If you have evidence that you were treated differently based on any of the categories protected by the antidiscrimination laws, an employment lawyer will very likely want to meet with you about a possible case. In this article, we discuss how a lawyer would assess your employment discrimination case and decide whether or not to take your case.
An employer discriminates against an employee by treating him or her differently based on his or her “protected status.” A protected status is one of the categories protected by the state and federal antidiscrimination laws.
Federal antidiscrimination laws prohibit discrimination against employees based on:
State antidiscrimination laws vary and some cover additional categories that the federal laws do not protect (although no state may protect fewer statuses because the federal laws apply in all states). For example, some states prohibit employment discrimination based on marital status, sexual orientation, and gender identity. Some cities and counties also have their own antidiscrimination ordinances protecting additional categories, such as weight or appearance. For information about state antidiscrimination laws, see Employment Discrimination in Your State.
You may believe that you experienced employment discrimination, but not all unfair treatment is illegal. The law is quite specific about what qualifies as illegal employment discrimination. Here are the key facts a lawyer will consider when assessing whether you have a legitimate claim of employment discrimination and, ultimately, whether the lawyer wants to take your case.
The lawyer will want to be sure that you, in fact, fall within a protected class. This may be the simplest element of the analysis. For example, you may believe that your employer discriminated against you because of your age. But, if you’re not over 40, you are not protected against age discrimination. The analysis can be more difficult though, such as determining whether you have a mental or physical impairment that qualifies as a “disability” under federal law.
A female employee who is disciplined and feels targeted because of her gender would not have a very strong case if men received similar discipline for engaging in similar conduct. An employment lawyer will explore this element of your possible case to figure out if you were treated differently from employees who don’t share your protected status.
And, if you have evidence that other employees who do share your protected status were treated less favorably than employees without protected status, that’s information that the lawyer will need to know as it may support your case.
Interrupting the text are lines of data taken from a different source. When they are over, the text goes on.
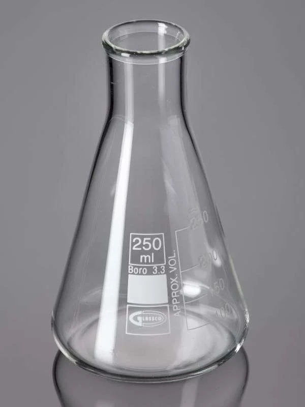 Колбы Эрленмейера Glassco — это конические лабораторные колбы с плоским дном, изготовленные из ударопрочного боросиликатного или из химически стойкого кварцевого стекла. Широко применимые, универсальные емкости считаются одним из самых востребованных типов лабораторной посуды.
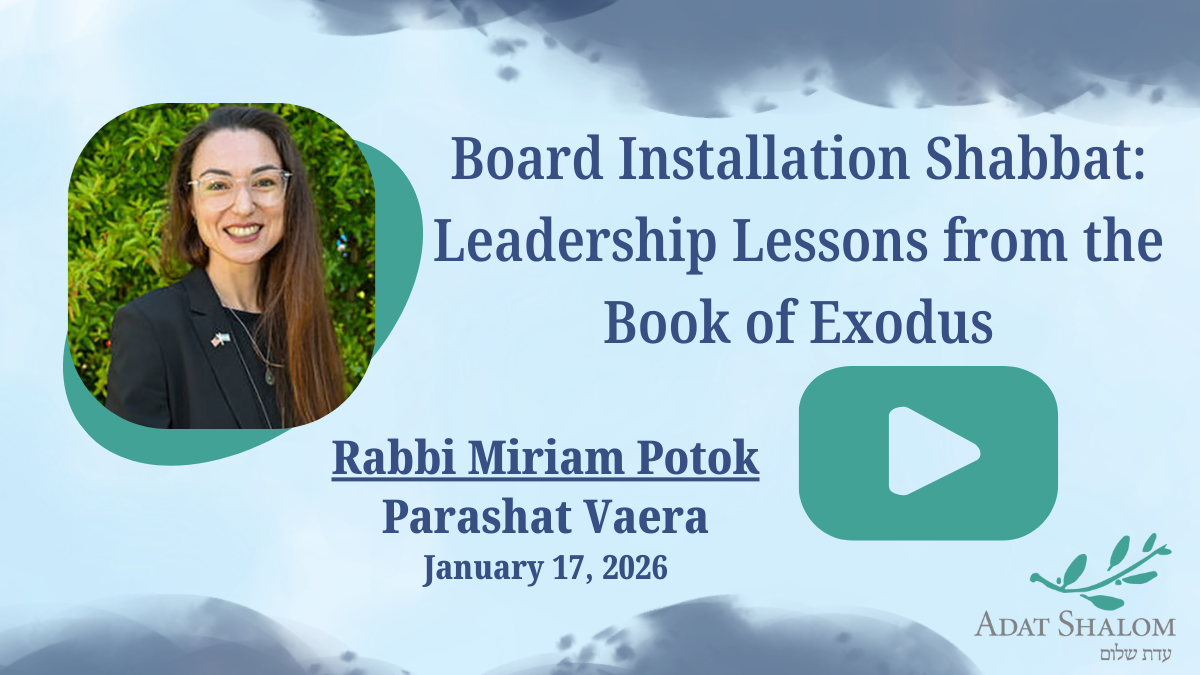 Adat Shalom’s Shabbat morning services are musical and traditional, structured and improvisational, full of joy and depth. Rabbi Miriam Potok and Cantor Dale Schatz co-lead our services, bringing a rabbi-cantor banter that delights members and guests alike. We use the full liturgy of the Masorti/Conservative movement, and we daven from the Siddur Lev Shalem.
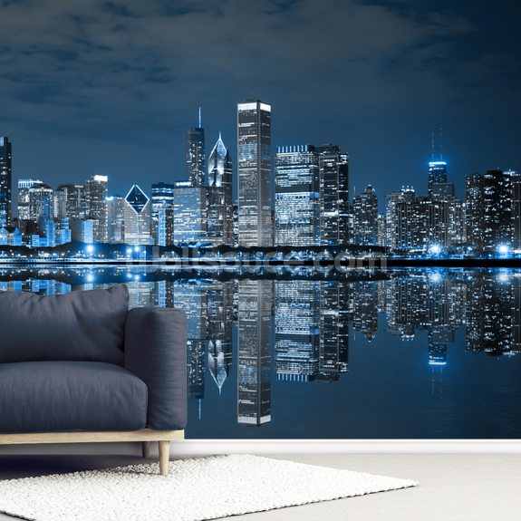 Chicago Downtown at Night Wallpaper Mural
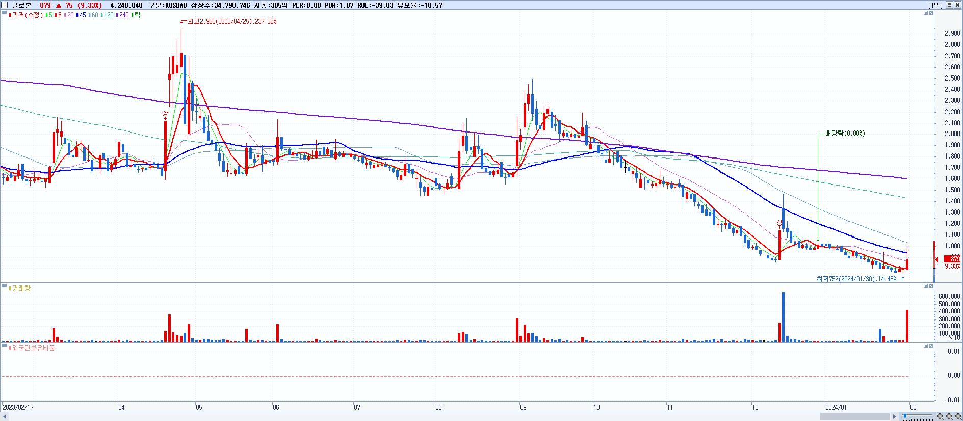- 글로본 (879원 ▲ 9.33% , 시총: 306억, 거래량: 4,244,537, 거래대금:39억)
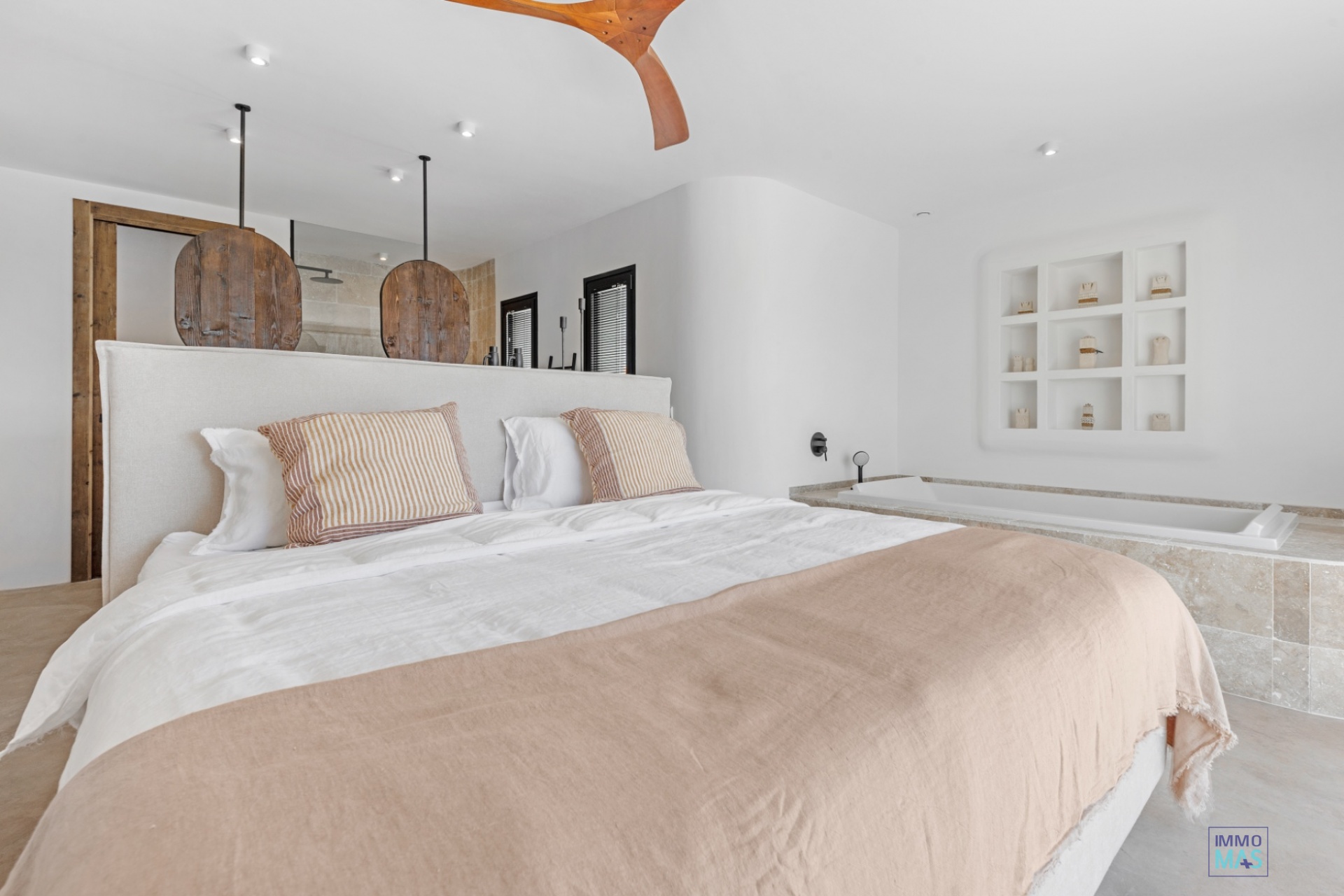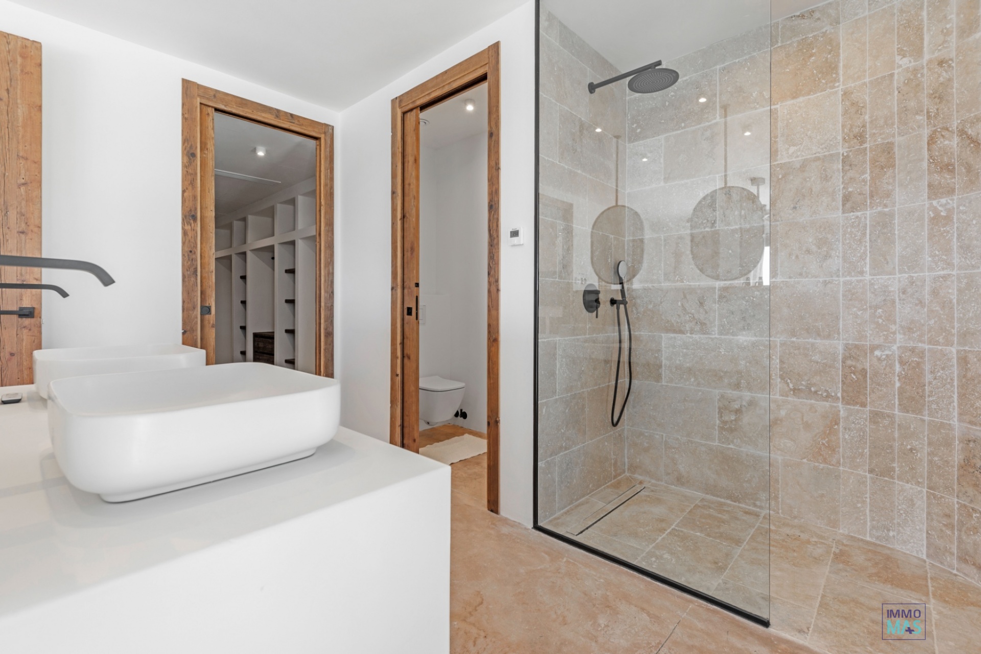 La chambre principale spacieuse au rez-de-chaussée offre un accès direct à la terrasse et dispose d'une salle de bains luxueuse avec baignoire, douche à l'italienne et un dressing exclusif sur mesure en bois Movingui traité thermiquement (classe de durabilité 1). Ce bois élégant a été utilisé dans toute la maison et souligne la finition de haute qualité.
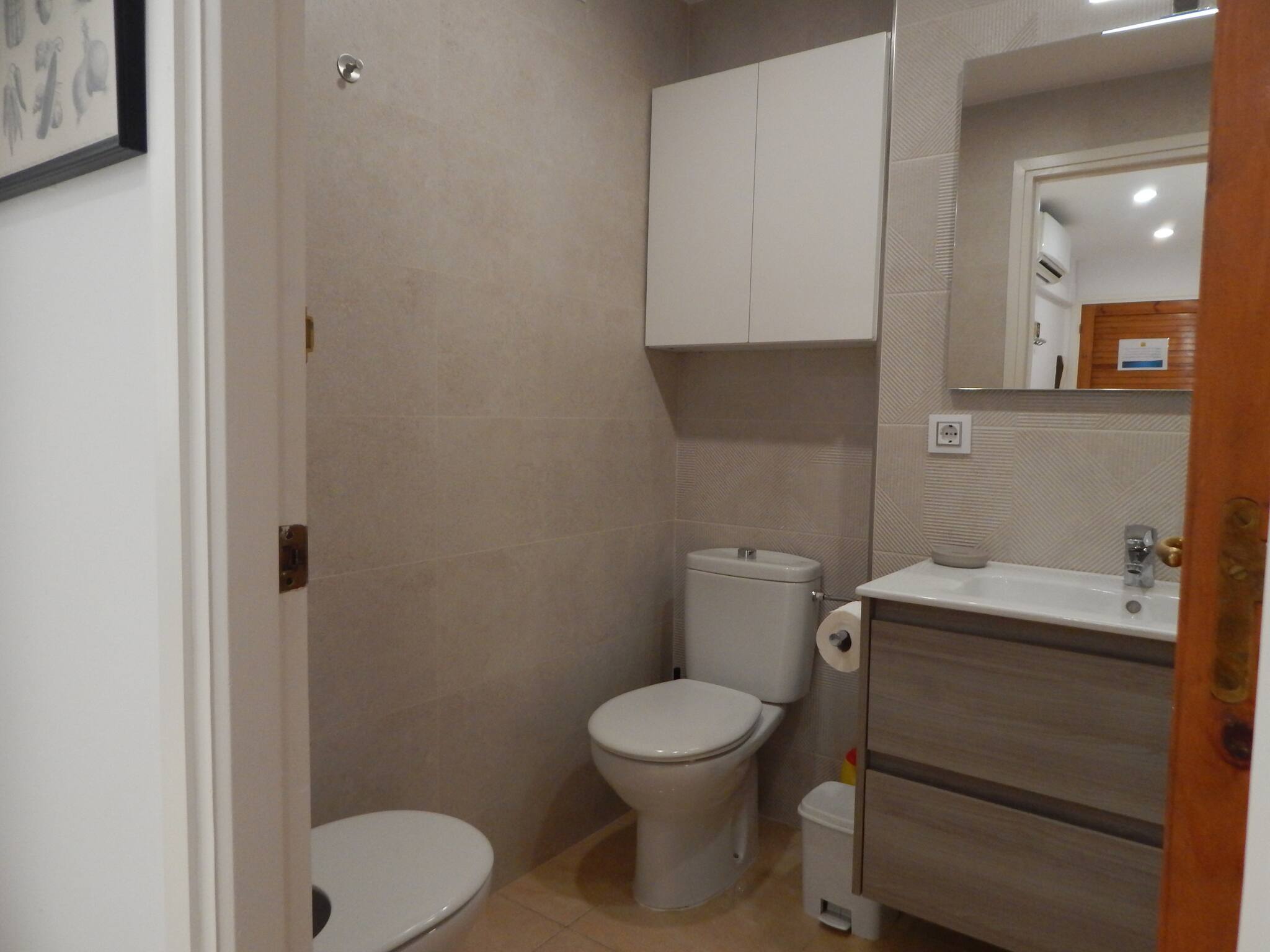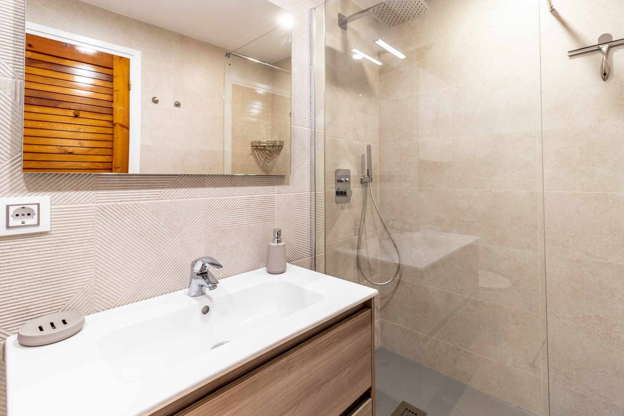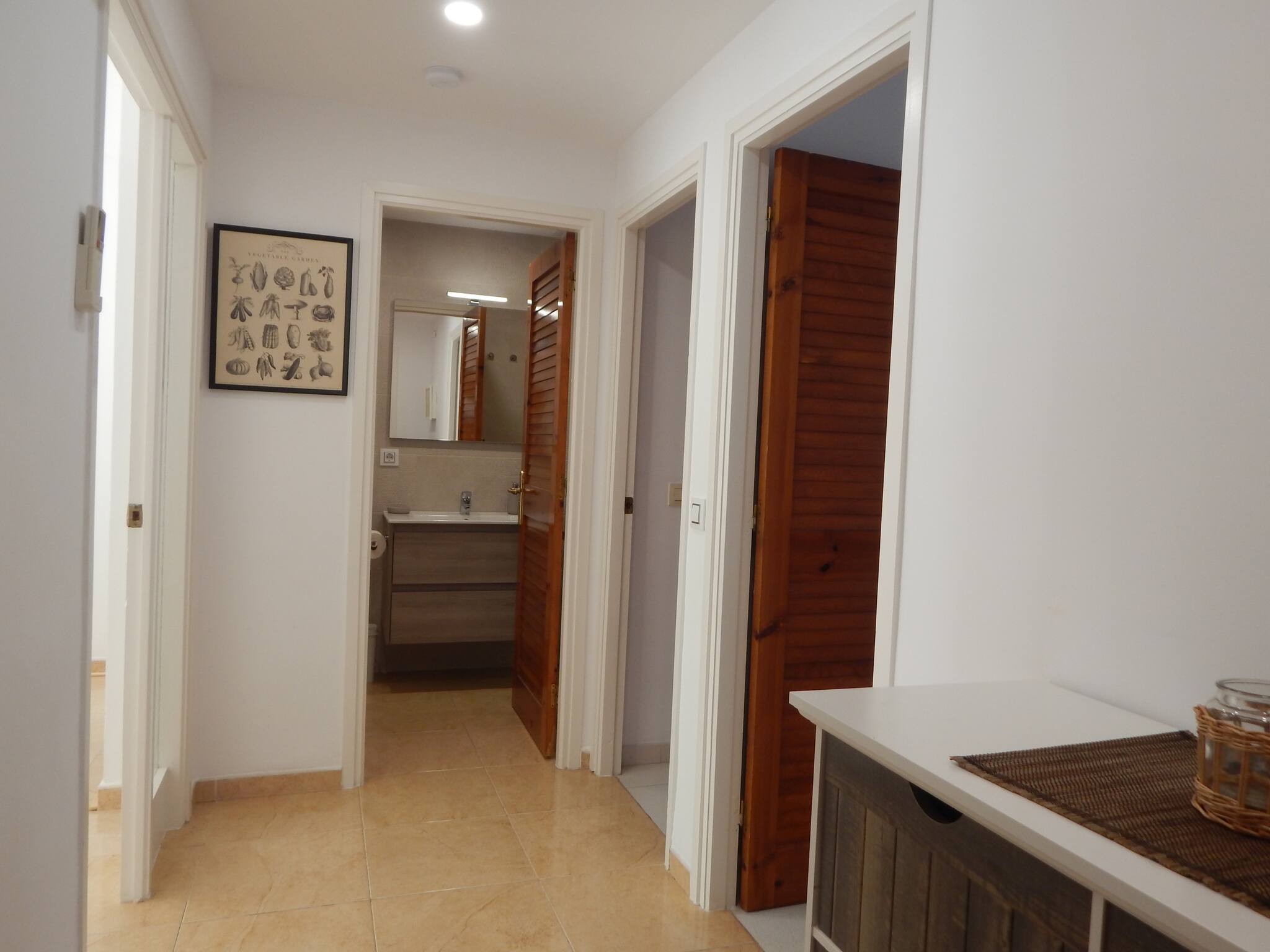 The apartment has two double bedrooms, one with a double bed and the other one with two single beds. Full bathroom with shower. Equipped kitchen and bright, spacious lounge-dining room with sofa-bed for two people, armchairs, TV, dining table and chairs and access to the outside terrace.

If many people with your status suffered discrimination by the same employer, an employment lawyer may assess whether there is a potential class action (meaning that your case would be combined with the similarly situated employees).
Although you may be sure that your employer discriminated against you, unless you can prove it with evidence, you don’t have a case. But you don’t need the proverbial “smoking gun” of an employer calling you a racial epithet or saying old people have no place in the company. Any evidence that shows one aspect of your case (your protected status, the different treatment, etc.) may cumulatively make your case strong. Of course, any evidence that shows that your employer or someone acting on behalf of your employer (such as your manager, a human resources representative, or a company executive) harbored any ill feelings toward people with your protected status is important evidence to share with the lawyer.
Your evidence may take the form of witness statements (from those who have knowledge of your differential treatment or experienced similar discrimination themselves), documents (such as your personnel file, disciplinary notices, and performance evaluations), visuals (such as drawings, cartoons, or photographs that display racial or sexual hostility), or other forms. Be sure to bring your evidence, including a list of possible witnesses and their contact information, to the meeting with the lawyer. The more organized your evidence is, the easier it is for a lawyer to evaluate your case.
In a civil action, such as a lawsuit for employment discrimination, the main form of recovery is money damages. To win damages, it’s not enough to prove that employer acted illegally; you also have to prove loss or injury as a result of that behavior. The lawyer evaluating your case will assess the losses that you have suffered. In an employment discrimination case, the types of damages that an employee may recover include lost pay, lost benefits, emotional distress damages in certain cases, and punitive damages (intended to punish the employer) when available. You might also be entitled to collect attorney fees from your employer if you win.
You are your most important witness in an employment discrimination case. An employment lawyer will also size you up to see how you will present as a witness. The lawyer will evaluate how clear, concise, organized, presentable, and honest you appear. This is an important part of the process because a jury and judge will evaluate you in the same way. Having a credible, sincere demeanor can go a long way in convincing a judge or jury of your position. You’ll want to be forthright, truthful, and calm in discussing your case with the lawyer.
You may have a very strong employment discrimination case, but if you don’t gather your evidence and if you can’t describe it in a clear, coherent way, an employment lawyer may not take it on. Your organized, understandable presentation will make it easier for a lawyer to evaluate your case and help you out.